In the midst of the argument that he makes above, Paul adds that a second major person from the Old Testament, King David, had said this was to be (Romans 4:4-8).
For the promise to Abraham and his offspring that he would be heir of the world did not come through the law but through the righteousness of faith. 14For if it is the adherents of the law who are to be the heirs, faith is null and the promise is void. 15For the law brings wrath, but where there is no law there is no transgression.

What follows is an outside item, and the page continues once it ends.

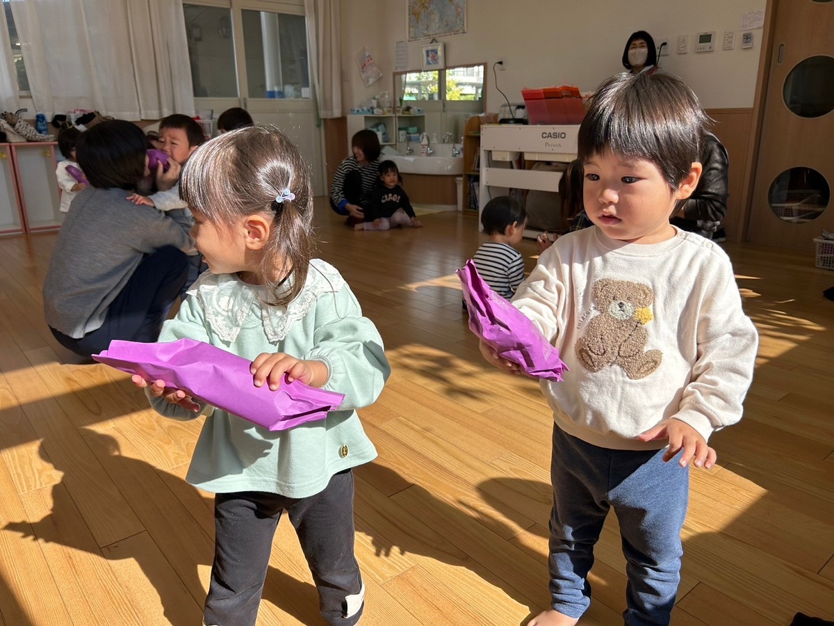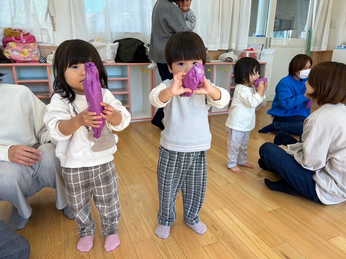 そして、「おいもくんがね」の絵本を見た後、「うんとこしょ、どっこいしょ」と言う子どもたちの掛け声に合わせて先生たちでお芋を引っ張ってぬきました。それを見た子どもたち、みんなもさつまいもを作ってみたいと新聞紙を丸め、思い思いのさつまいもを作りました。
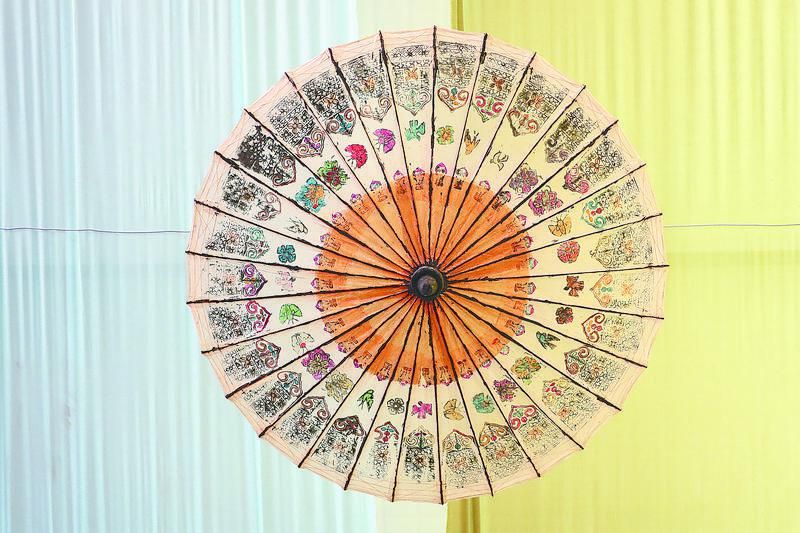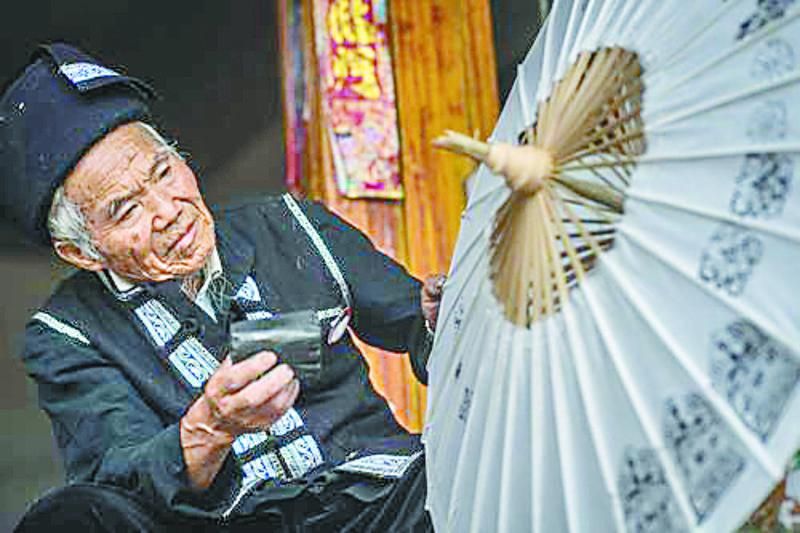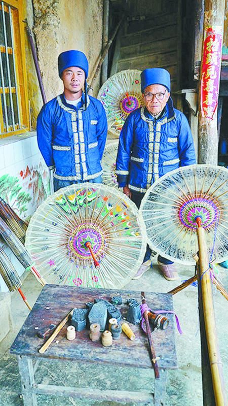 丘北县壮族的水竹花伞,因选用本地优质的水竹作为原材料,做成伞架、伞骨、伞柄、伞托,再在伞面上用木刻印章印上各色不同含义的花纹而得名。

16That is why it depends on faith, in order that the promise may rest on grace and be guaranteed to all his offspring—not only to the adherent of the law but also to the one who shares the faith of Abraham, who is the father of us all, 17as it is written, “I have made you the father of many nations”—in the presence of the God in whom he believed, who gives life to the dead and calls into existence the things that do not exist.
Paul’s conclusion: The promise did not come through the law, but through the righteousness of faith (Romans 4:13). It could not come through the law because the law did not exist until 430 years later (see the diagram above). It depended on faith so that it may rest on grace and be guaranteed to all (Romans 4:16). See Galatians 3:16-18. This promise is from the God “who (1) gives life to the dead and (2) calls into existence the things that do not exist” (Romans 4:17). Could it get better than this?
In hope he believed against hope, that he should become the father of many nations, as he had been told, “So shall your offspring be.” 19He did not weaken in faith when he considered his own body, which was as good as dead (since he was about a hundred years old), or when he considered the barrenness of Sarah’s womb. 20No distrust made him waver concerning the promise of God, but he grew strong in his faith as he gave glory to God, 21fully convinced that God was able to do what he had promised.
Since Abraham’s faith was the kind that justified, it behooves us to know what kind of faith it was. Paul describes it as:
• 4:18 – “in hope he believed against hope.”
• 4:19 – “he did not weaken”
• 4:20 – “no distrust made him waver….”
• 4:21 – he was fully convinced that God was able to do what he had promised.”
That is why his faith was “counted to him as righteousness.” 23But the words “it was counted to him” were not written for his sake alone, 24but for ours also. It will be counted to us who believe in him who raised from the dead Jesus our Lord, 25who was delivered up for our trespasses and raised for our justification.
The result was that “his faith was ‘counted to him as righteousness’” (Romans 4:22). However, these words were written as much for us as for him. Paul assures us that, “It will be counted to us who believe in him who raised from the dead Jesus our Lord, who was delivered up for our trespasses and raised for our righteousness” (Romans 4:24-25).
1. It would be easy to get caught up in the thought that working our way to heaven was the proper approach. However, Paul uses the examples of two Old Testament men to illustrate that righteousness apart from works; righteousness through faith is the true blessing. Name these two men.
2. What are the two words used to describe the purpose of Abraham’s circumcision?
3. The promise to Abraham and his descendents of the “righteousness of faith” simply “did not come through the law” (Romans 4:13-14). Look at the chart above and Galatians 3:17 to find out how long it was after Abraham before the law came into existence.
4. Paul calls as witness to the power of God two of the greatest acts ever done. What were these acts that show the great power of God?
5. In Romans 4:18-21, four descriptors of the kind of faith that Abraham had are given. List them.
6. In Romans 4:23-24 Paul claims that the words written in the Old Testament were not written just for those individuals’ sakes but for ours also. Read Romans 15:4. How was something written in the Old Testament something for our sakes also?